> _Exercise_:
Beginning at the line that contains "Carol Bly keeping up the Post Office Garden.", repeat each line exactly through the last one of the records below, and leave out the pictures.

> _Material provided_:

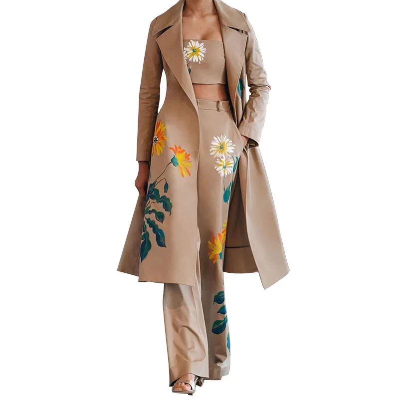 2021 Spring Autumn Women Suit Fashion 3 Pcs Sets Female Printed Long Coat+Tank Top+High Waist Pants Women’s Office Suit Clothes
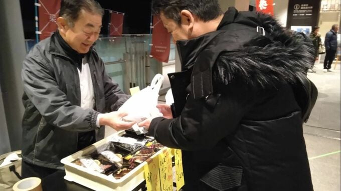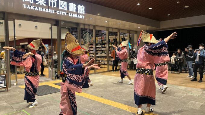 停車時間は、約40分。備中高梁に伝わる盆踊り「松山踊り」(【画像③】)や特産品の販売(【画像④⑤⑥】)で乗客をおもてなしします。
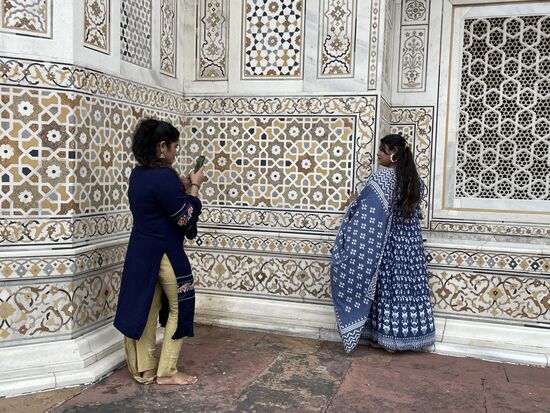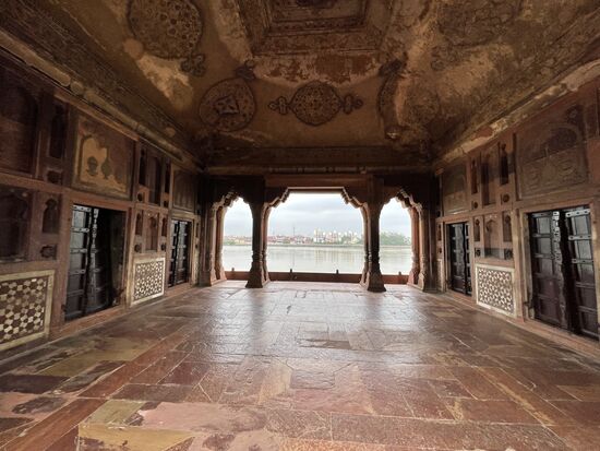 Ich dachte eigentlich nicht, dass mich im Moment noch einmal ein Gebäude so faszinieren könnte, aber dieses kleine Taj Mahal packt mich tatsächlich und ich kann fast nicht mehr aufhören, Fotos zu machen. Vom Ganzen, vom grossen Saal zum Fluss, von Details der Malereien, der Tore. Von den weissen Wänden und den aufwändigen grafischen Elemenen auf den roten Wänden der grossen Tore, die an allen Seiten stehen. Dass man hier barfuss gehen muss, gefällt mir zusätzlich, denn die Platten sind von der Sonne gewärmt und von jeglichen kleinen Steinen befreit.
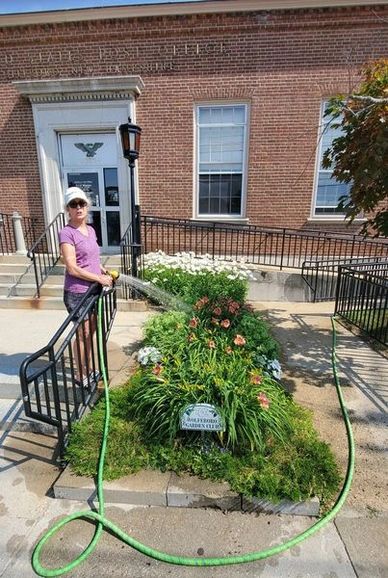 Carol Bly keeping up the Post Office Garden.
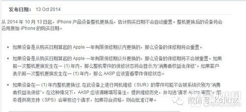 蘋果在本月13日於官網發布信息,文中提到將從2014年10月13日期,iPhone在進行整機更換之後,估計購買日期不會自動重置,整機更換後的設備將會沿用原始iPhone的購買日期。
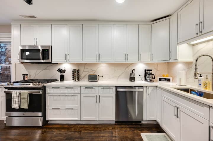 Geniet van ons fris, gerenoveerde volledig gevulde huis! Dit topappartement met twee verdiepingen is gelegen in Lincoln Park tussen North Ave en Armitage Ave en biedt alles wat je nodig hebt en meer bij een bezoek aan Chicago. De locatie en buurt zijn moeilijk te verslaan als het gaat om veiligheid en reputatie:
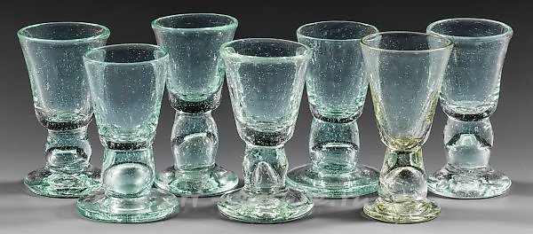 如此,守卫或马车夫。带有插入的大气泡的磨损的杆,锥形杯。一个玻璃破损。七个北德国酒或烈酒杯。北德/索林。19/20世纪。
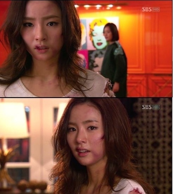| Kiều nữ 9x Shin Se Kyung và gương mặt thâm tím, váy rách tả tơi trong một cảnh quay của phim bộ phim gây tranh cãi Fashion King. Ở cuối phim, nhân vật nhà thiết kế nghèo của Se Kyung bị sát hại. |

> _Task result_:
 Carol Bly keeping up the Post Office Garden.
 蘋果在本月13日於官網發布信息,文中提到將從2014年10月13日期,iPhone在進行整機更換之後,估計購買日期不會自動重置,整機更換後的設備將會沿用原始iPhone的購買日期。
 Geniet van ons fris, gerenoveerde volledig gevulde huis! Dit topappartement met twee verdiepingen is gelegen in Lincoln Park tussen North Ave en Armitage Ave en biedt alles wat je nodig hebt en meer bij een bezoek aan Chicago. De locatie en buurt zijn moeilijk te verslaan als het gaat om veiligheid en reputatie:
 如此,守卫或马车夫。带有插入的大气泡的磨损的杆,锥形杯。一个玻璃破损。七个北德国酒或烈酒杯。北德/索林。19/20世纪。
| Kiều nữ 9x Shin Se Kyung và gương mặt thâm tím, váy rách tả tơi trong một cảnh quay của phim bộ phim gây tranh cãi Fashion King. Ở cuối phim, nhân vật nhà thiết kế nghèo của Se Kyung bị sát hại. |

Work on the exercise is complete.